Ferigatto Júlia Lopes, Coracin Fábio Luiz, Tanimoto Hélio Massaiochi, Viola Vivian Palata, Tieghi-Neto Victor, Prado Diogo Dias, Hirai Wellinton Yoshio, Teodoro Valiana Alves, Vazquez Fabiana Lima, Rios Simone Hassan Khatib
Researcher at the Molecular Oncology Research Center, Barretos Cancer Hospital, 1331 Antenor Duarte Vilela Street - Dr. Paulo Prata, Barretos, São Paulo, 14784-400, Brazil.
Dentistry Department, Barretos Cancer Hospital, Barretos, São Paulo, Brazil.
Support Care Cancer. 2025 Jan 4;33(1):69. doi: 10.1007/s00520-024-09114-w.
To compare the treatment of osteoradionecrosis (ORN) using a protocol that incorporates antimicrobial photodynamic therapy with a conventional treatment protocol.
This retrospective study analyzed 55 patients diagnosed with ORN at a reference hospital between 2002 and 2021. Patients were treated using two different clinical protocols.
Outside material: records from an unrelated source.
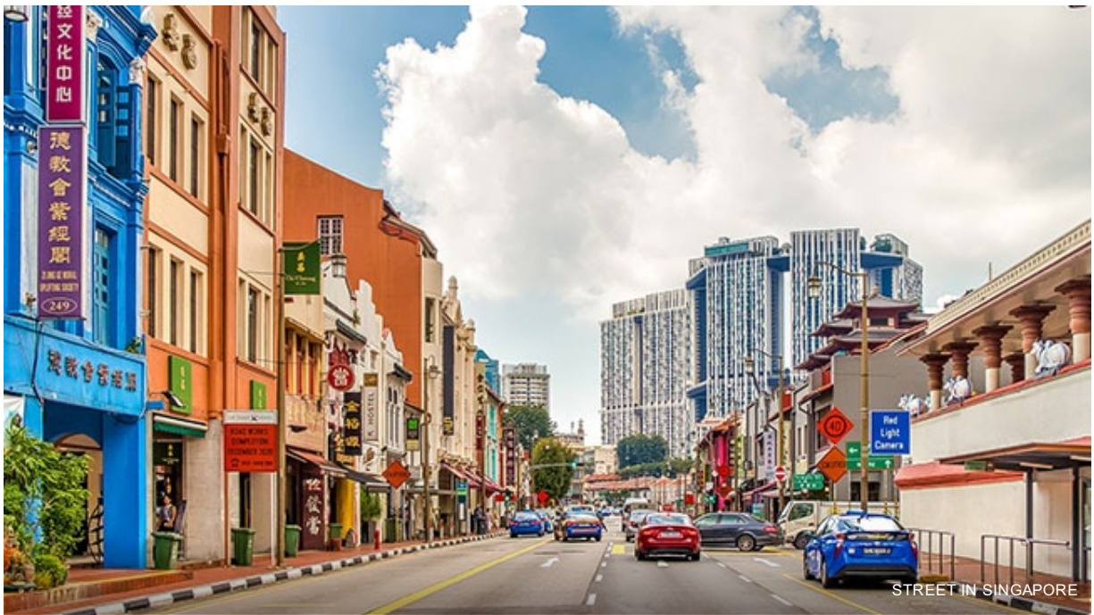
STREET IN SINGAPORE
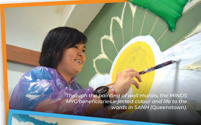
Through the painting of wall murals, the MINDS MYG beneficiaries injected colour and life to the wards in SANH (Queenstown).
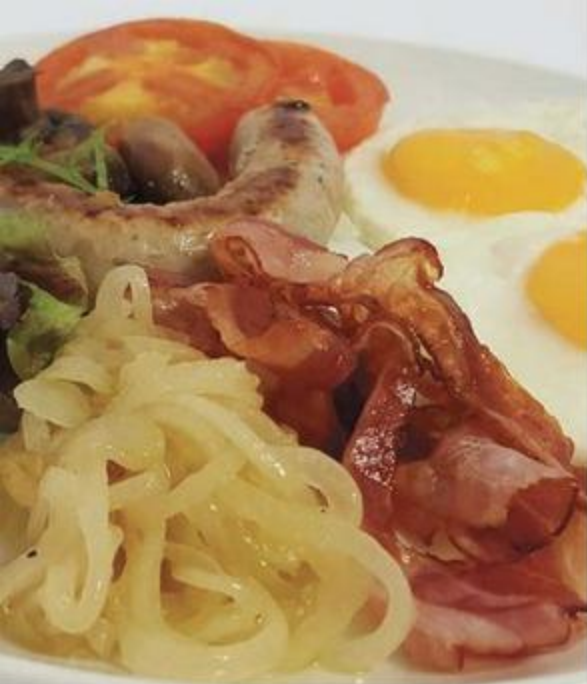
Craft Your Own: Basic Breakfast
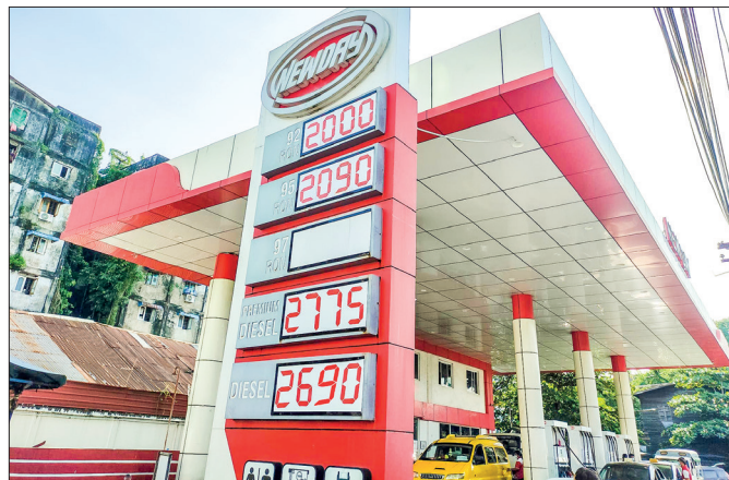
Score board mentioning prices of fuel seen at fuel station on 29 October.

The Supervisory Committee on Oil Import, Storage and Distribution of Fuel Oil stated that domestic fuel prices are increasing as per the higher price index set by Mean of Platts Singapore (MOPS).—NN/GNLM
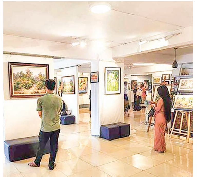
Some fans seen viewing paintings displayed in the exhibition with interest.

Myanmar’s manufacturing sector is primarily concentrated in garment and textiles produced on a Cutting, Making, and Packing basis, and it contributes to the country’s GDP to a certain extent. — MT/EM
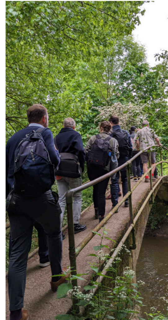
Design review panel site visit

This terms of reference describes the Independent Design Review service that we offer to local planning authorities. These services can be provided either on a one-off basis, or as part of ongoing collaborative working with a Council.

Clinical treatment success was defined as the epithelialization of the ORN lesion, along with the absence of pain and local infection.
A total of 53 ORN lesions were included, with a median development time of 30 months. The patient cohort was predominantly male (83.02%), with a median age of 58 years. The main causes of ORN were prosthetic trauma (28.30%) and dental extractions due to infection (32.07%). Good oral hygiene and hygiene of the lesion were identified as protective factors for achieving clinical success, with a significant correlation to lesion epithelialization (p ≤ 0.0001). ORN developed more rapidly in tumors of the oral cavity, with a median time of 8 months, compared to oropharyngeal tumors, which had a median time of 39 months (p = 0.01).
The proposed treatment protocol, which includes antimicrobial photodynamic therapy, demonstrated greater effectiveness compared to the conventional protocol, achieving clinical success in 75% of the lesions analyzed in a shorter timeframe (p ≤ 0.0001). Additionally, maintaining proper oral and lesion hygiene is crucial for successful outcomes, and ORN develops more rapidly in patients with oral cavity tumors.
比较采用包含抗菌光动力疗法的方案与传统治疗方案治疗放射性骨坏死(ORN)的效果。
这项回顾性研究分析了2002年至2021年期间在一家参考医院被诊断为ORN的55例患者。患者采用两种不同的临床方案进行治疗。临床治疗成功的定义为ORN病变上皮化,且无疼痛和局部感染。
共纳入53例ORN病变,中位发病时间为30个月。患者队列以男性为主(83.02%),中位年龄为58岁。ORN的主要病因是假体创伤(28.30%)和因感染导致的拔牙(32.07%)。良好的口腔卫生和病变部位卫生被确定为实现临床成功的保护因素,与病变上皮化显著相关(p≤0.0001)。与口咽肿瘤相比,口腔肿瘤中ORN发展更快,中位时间为8个月,而口咽肿瘤的中位时间为39个月(p=0.01)。
所提出的包括抗菌光动力疗法的治疗方案与传统方案相比显示出更高的有效性,在更短的时间内使75%的分析病变获得临床成功(p≤0.0001)。此外,保持适当的口腔和病变部位卫生对成功治疗至关重要,并且ORN在口腔肿瘤患者中发展更快。